Trotz seiner Beliebtheit begann das Unternehmen ab dem Jahr 2014 Verluste zu verzeichnen. Ein Jahr später verkaufte die Familie einen Anteil von 90 Prozent an die italienische Private-Equity-Gesellschaft Clessidra, die das Unternehmen mit 390 Millionen Euro bewertet haben soll. Im März 2019 beantragte das Unternehmen Insolvenzschutz und wurde später von der in Dubai ansässigen Vision Investment Company aufgekauft. Seit 2020 ist der sizilianische Designer Fausto Puglisi Kreativdirektor bei Cavalli. Indem er die alten Codes und Hypes wiederaufleben ließ, verzeichnete er finanziell große Erfolge.

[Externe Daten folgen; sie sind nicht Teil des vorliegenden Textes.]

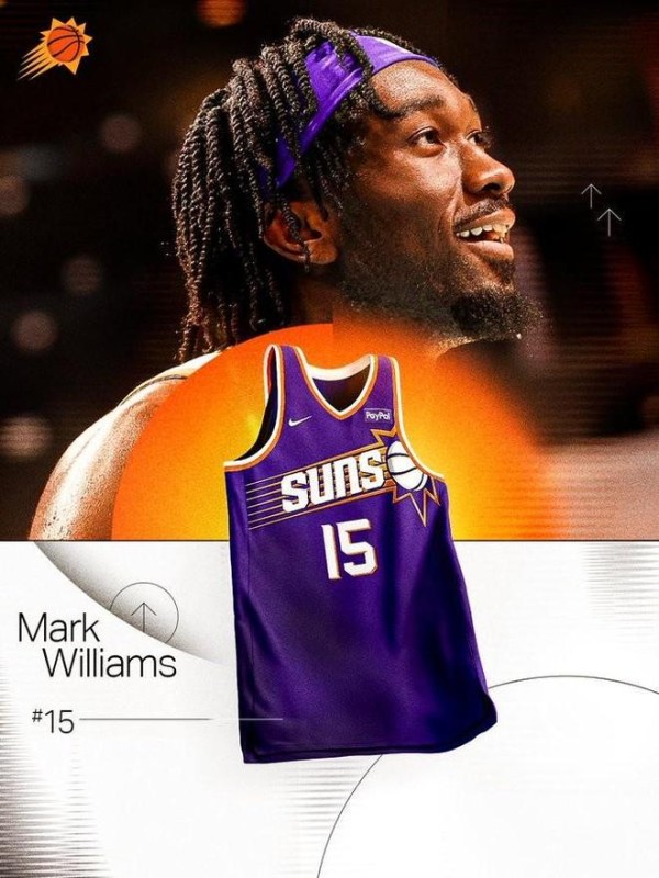 直播吧7月27日讯 太阳官方宣布,球队新援中锋马克-威廉姆斯新赛季将穿15号球衣。

Roberto Cavalli hinterlässt neben sechs Kindern ein 13 Hektar großes Anwesen in der toskanischen Landschaft, inklusive Weinbergen und mehreren Ferraris. Auch enthalten ist ein kleiner Privat-Zoo aus Papageien, einem Tiger, Leguanen, Affen und einer Perserkatze. Die Natur und die Tiere umgaben Roberto Cavalli bis zuletzt. Das Erbe, das er der Modewelt hinterlässt, ist ein noch größeres. Mit seinem oft verbreiteten Leitspruch "Übermaß ist Erfolg" feierte er ein hedonistisch grandioses Modeleben, ein im Leoprint getupftes Dolce Vita, das seinesgleichen sucht. Und gerade jetzt, wo der Boho-Stil sich mit dem 2000er-Kitsch vermischt, Fransen und Flatterkleider ins Vokabular zurückkehren und Bleichjeans nicht mehr undenkbar sind, erlebt Cavalli vielleicht sogar posthum noch mal seine ganz eigene Renaissance.